District officials managed to boost the general fund balance from June 2013 to June 2014, but they haven’t met their goal in terms of how much it wants to have in its rainy day fund.

“You did have an increase in your fund balance this past year,” Plante Moran representative Laura Claeys said. “We commend you for that, and we do realize that that success is the collaboration not only of the administration and all of the people who work for the district, (but) also the community and their support of what you’re doing here.

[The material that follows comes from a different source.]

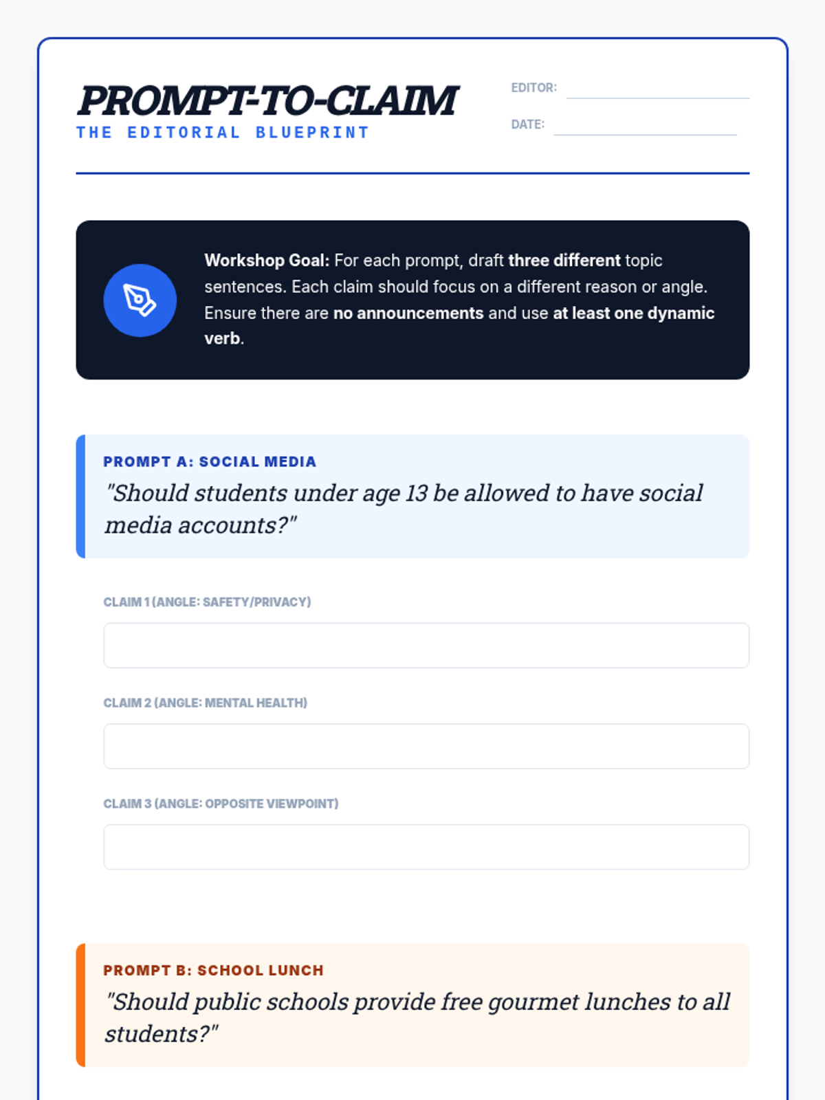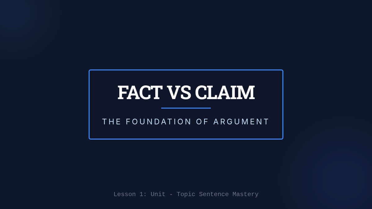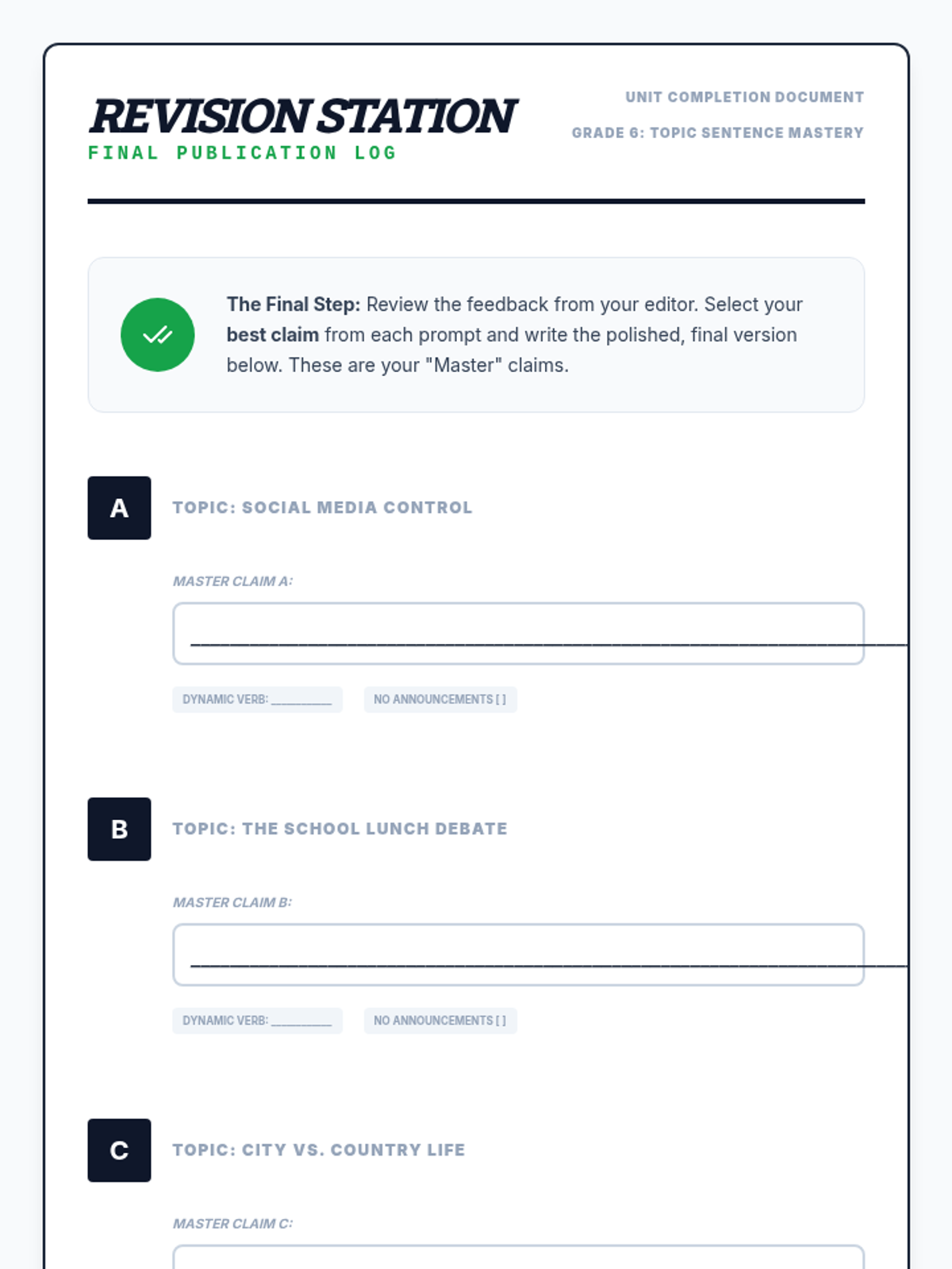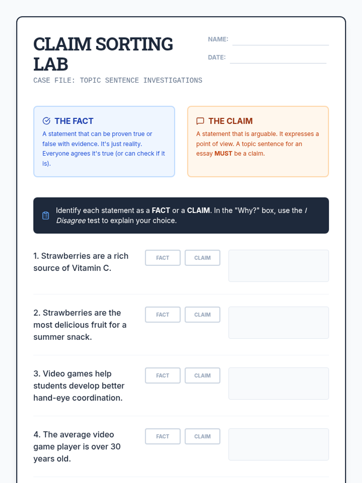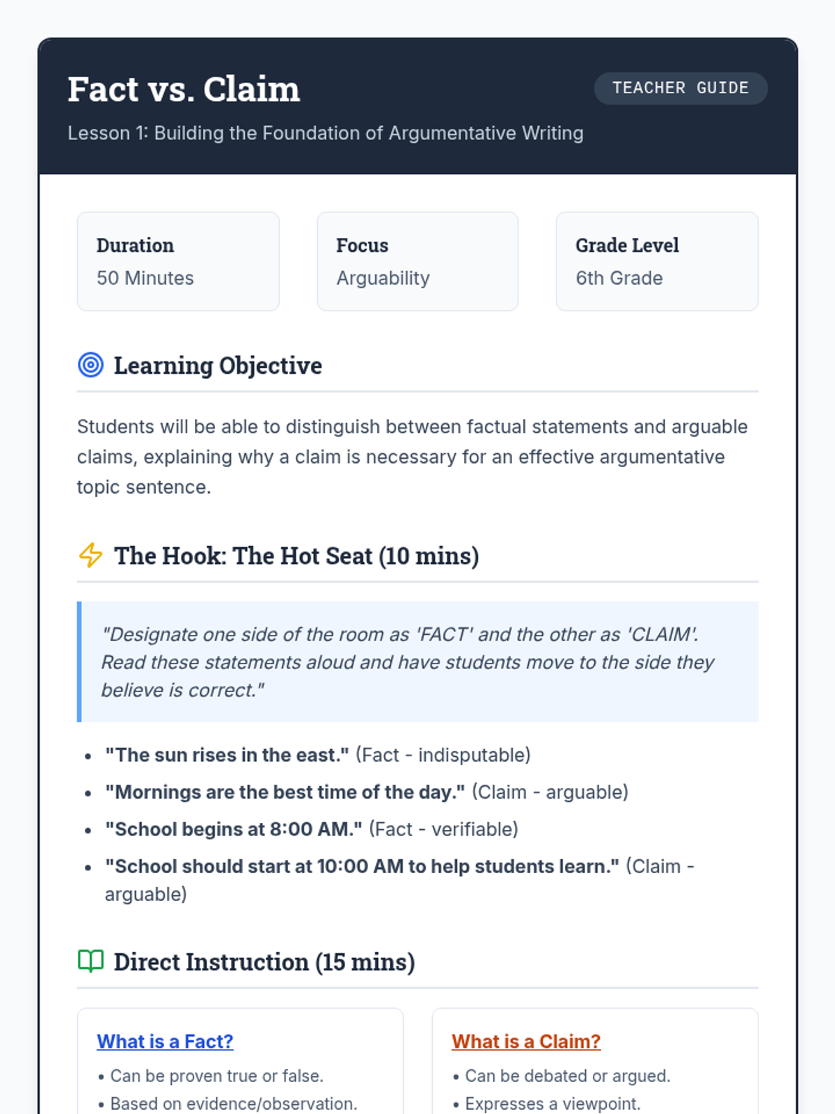 This 5-lesson unit teaches 6th-grade students how to craft strong, arguable topic sentences for persuasive essays, moving away from factual statements and first-person announcements toward bold, verb-driven claims. Students progress from distinguishing facts from claims to drafting and refining their own argumentative topic sentences through workshop-style activities.

That is a continued success, a collaborative success.”

According to the audit report, the district ended June 2013 with a $2 million fund balance and managed to increase the balance by $3.7 million to end with a fund balance of more than $5 million in June 2014.

It means that the district had a balance at the end of the fiscal year in 2014 of about 6 percent of its total expenditures for the year.

Some associations recommend that districts have between 15 and 20 percent fund balance.

“(That) is really a reach for many districts,” Claeys said.

Instead, Grosse Pointe Schools and many neighboring districts are shooting to grow their fund balances to 10 percent, which means that the district hasn’t met its goal yet.

“This just means there’s still work to be done, but you have a fund balance that doesn’t put you in dire straits where you have to make significant decisions on a day-to-day basis because you do have some amount of fund balance, but it is something that you should continue to monitor on a continual basis,” Claeys said.

She explained that while the more than $5 million fund balance might seem like a lot of money, it would only cover a few weeks of district expenses if the district stopped receiving its revenue.

The auditors explained that the majority of the district’s expenditures, more than 87 percent, is spent on salaries, and employee benefits and costs.

One growing cost for most districts is the cost of retirement contributions.

Overall, the district received a “clean opinion,” auditors said of the district’s financial recordkeeping. It is the highest opinion and offers reassurance to the community and school board, according to auditors.

Moving into the future, the auditors made some recommendations, including that the district continue watching what’s going on at the state level and work on maintaining the districts high credit rating in case they need a bond or other credit needs.

Board President Joan Dindoffer thanked Board Treasurer Brian Summerfield for his dedication to the audit process.

“I know you met with the auditors,” she said. “Thank you for your time and attention in looking at this.”

She also recognized the representatives of Plante Moran.

“Thank you for coming and presenting it, and good news,” she said.